**Work task**
Please return the listing exactly as it stands, skipping any pictures.

**Information supplied**
★ ★ ★ ★ ★

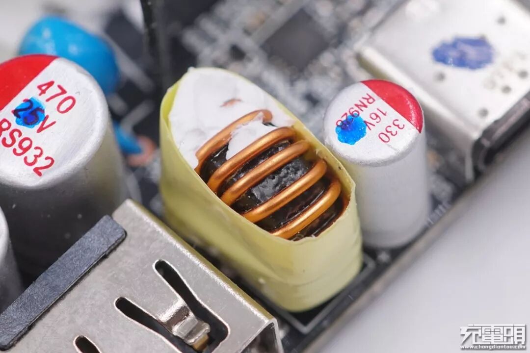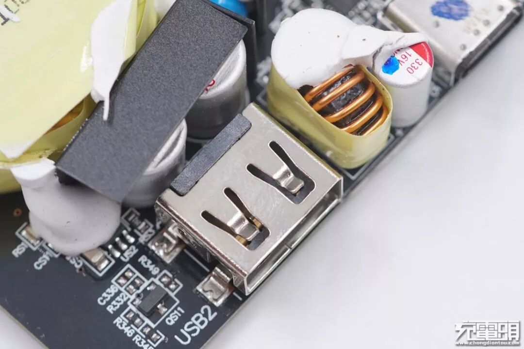 另一颗输出滤波固态电容特写,在USB-C1接口的旁边,规格为330μF 25V。与上面的固态电容协同工作一起作为USB-C1接口的输出滤波。
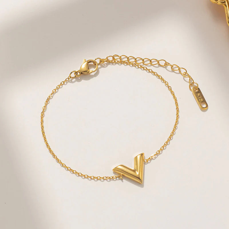 Sharp, sleek, and effortlessly modern. The Vibe V-Wrap Bracelet features a bold V-shaped wraparound design with a smooth, polished finish—crafted to elevate your style with minimal effort.
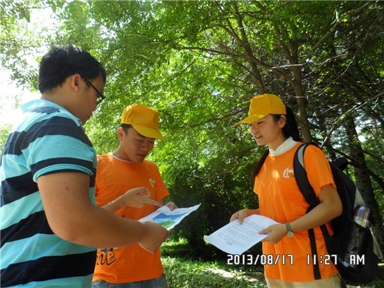 2011级四班徐维、彭醒醒、张楠等同学组成的社会实践团走进长春市南湖公园开展了“青春中国梦 环保树新风”主题志愿服务活动。

★ ★ ★ ★ ★

**Output**
 另一颗输出滤波固态电容特写,在USB-C1接口的旁边,规格为330μF 25V。与上面的固态电容协同工作一起作为USB-C1接口的输出滤波。
 Sharp, sleek, and effortlessly modern. The Vibe V-Wrap Bracelet features a bold V-shaped wraparound design with a smooth, polished finish—crafted to elevate your style with minimal effort.
 2011级四班徐维、彭醒醒、张楠等同学组成的社会实践团走进长春市南湖公园开展了“青春中国梦 环保树新风”主题志愿服务活动。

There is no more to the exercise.